Both candidate gene studies and genome-wide studies of DNA methylation in the placenta have been performed to investigate the mechanism(s) of preterm birth. One study found a positive association between global methylation and gestational age but others found little variation amongst the partially methylated domains across all three trimesters [11, 14]. Another study of promoter region methylation found overall differences in methylation between second and third trimester placentas, but not between first and second trimester [12]. Several studies examining gestational age and DNA methylation used umbilical cord blood to gain understanding into fetal programming and methylation state at birth. In one study, among the 39 genes showing differential methylation, 29 showed a decrease in methylation with increase in gestational age while the remainder showed an increase and no relationship to type of delivery [11]. Parets et al. studied methylation of cord blood leukocytes from 24 weeks to 41 weeks [10]. Most sites showed lower degrees of methylation with shorter gestational age, suggesting that one mechanism regulating the extent of methylation is gestational timing. We and others have also found associations with the preterm birth process itself.
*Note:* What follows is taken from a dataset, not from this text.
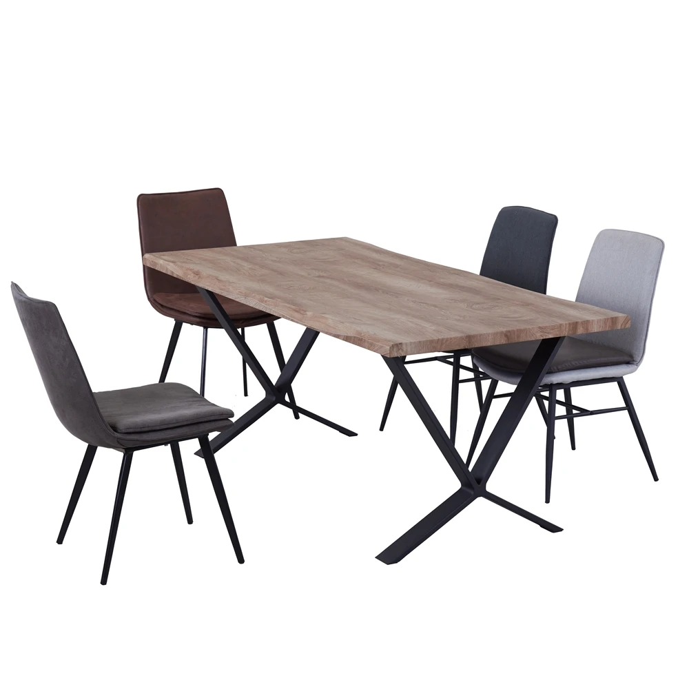 High quality cheap civilian furniture MDF table top with sturdy metal feet modern pu chair dining table set

The Norwegian Mother and Child Cohort Study (MoBa) compared cord blood methylation with birthweight and found both increased and decreased patterns of methylation associated with specific genes [23]. Another study using the Illumina 450 k array found 1400 variably-methylated regions which correlated with significant variables in the intrauterine environment including maternal smoking, maternal depression, maternal BMI, infant birthweight and gestational age [24]. Thus, while no unifying picture of the association between gestational age and DNA methylation has been demonstrated, we believe the mechanisms regulating the extent and pattern of placental DNA methylation include programmed changes linked to gestational timing as well as experiential changes. Our study, with a wide range of gestation ages, using a non-biased, genome-wide approach, shows a significant effect of both gestational age as a continuous predictor and PTB status as a categorical predictor of placental DNA methylation.
The site of methylation may be crucial to the effect on gene expression or a reflection of the impact of environment on gene expression. Clusters of CpG’s also known as CpG islands (CGI) are present in 5′ promoter regions of many genes. Methylation can also take place in shores and shelves, which are more distant to the promoter. Some studies have shown that tissue- and cancer-specific DMRs occur more frequently within CpG shores than CGIs themselves [25]. The functional implications of alterations in methylation are context-specific. Methylation in the immediate vicinity of the transcription start site is believed to block initiation, whereas methylation in the gene body may stimulate transcription elongation and/or have an impact on splicing [25]. We saw the greatest degree of differential methylation (almost 60%) in distal intergenic regions. Second greatest differential methylation was seen in introns other than the first intron. In addition, enrichment analysis showed that hypo-methylated DMRs were enriched for CpG Islands, while hyper-methylated DMR were enriched for CpG shores and shelves (Fig. 2). The annotation results, along with the later enrichment results, are consistent with the results from previous studies suggesting methylation is more dynamic outside of CpG islands in promoter regions. The enrichment of CpG islands amongst the hypo-methylated DMRs could be linked to chromosomal instability and imprinting [26]. The implications of the intergenic and intragenic methylation, as well as in shores and shelves on preterm birth are significant, yet mechanistically still unclear.
The most significant pathway associated with the genes nearest to the 427 DMRs we observed was Citrulline-Nitric Oxide Cycle, which contains the NOS1 gene. Our results found a hypermethylated DMR associated with both PTB and gestational age proximal to NOS1. NO is secreted by placenta [27] and known to modulate both fetal and utero placental blood flow [28]. Bielecki et al. found a lower concentration of NO in a group of women with premature contractile activity in comparison with gestational age-matched healthy pregnant women [29]. In another study the amniotic fluid concentration of NO was significantly higher in patients with intra-amniotic infection compared to those without intra-amniotic infection [30]. A decrease in NO production may contribute to the initiation of labor and cervical ripening [31]. A study suggests that NO produced by the placenta could play role in maintaining uterine quiescence by paracrine effect [32]. These results suggest that increased methylation of NOS1 may play an important role in the production of NO and subsequently preterm birth.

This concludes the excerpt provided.